The bankers feared that the ongoing crisis would take more time to overcome. The nation will embrace a bigger crisis if the current strategy to normalise the situation fails. Some are blaming the central bank’s decision to hold up the dollar price. 

The Association of Bankers, Bangladesh (ABB) and Bangladesh Foreign Exchange Dealers Association (BAFEDA), as per instruction from the central bank, fixed the maximum price of dollars for export earnings at Tk 99 while Tk 108 for remittance. 

Dollar market

According to BAFEDA, the National Bank bought dollars at Tk 112 on Thursday while City Bank at Tk 110, Islami Bank at Tk 109 and Pubali Bank at Tk 108. There are allegations that the importers still have to pay their liabilities buying dollars at higher prices.

According to the prices fixed by the banks, state-owned Sonali Bank charged the importers Tk 106.8 for each greenback while Janata Bank charged Tk 106.5, Agrani Bank Tk 105, non-government Prime Bank Tk 101.92, Eastern Bank Tk 103, Dutch-Bangla Bank Tk 105, BRAC Bank Tk 104.8, and City Bank Tk 107.5.  

Dollar supply on decline 

The banks used to pay Tk 104 to Tk 105 per dollar for cashing in export earnings. The amount declined to a maximum of Tk 99 last Sunday. This is why the exporters are retaining their earnings for a better price in the coming days. 

The bank officials said the traders are holding on to export earnings in the hope of an appreciation in dollar price, which slowed down the supply of the greenback in the market and intensified the crisis. 

However, BKMEA Executive President Mohammad Hatem told Prothom Alo, "Some 5 per cent of traders have the capacity to continue business without cashing in dollars. But the remaining ones are in a dire strait as the banks are purchasing the export bills at Tk 99 per dollar.” 

“Besides, we have to buy each dollar at Tk 104 while paying the LC liabilities. The garment sector will collapse if the current trend continues,” he added, seeking immediate intervention by the central bank in this regard. 

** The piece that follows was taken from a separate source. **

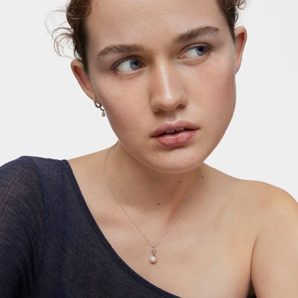 Короткое ожерелье TOUS Grain из 18-каратного белого золота с бриллиантами 0,019 карата, мотивом в виде сердца и культивированным жемчугом Freshwasher.

On the other hand, a private sector bank used to receive an average of USD 10 million in expatriate income per day, but the income dropped to USD 1 million after fixing the maximum price of dollars. 

Exchange house officials said expatriates used to fetch higher prices and the rate declined now. Now, they are sending money through alternative means. 

However, some exchange houses are also hoarding dollars in the hope of a further rise in prices.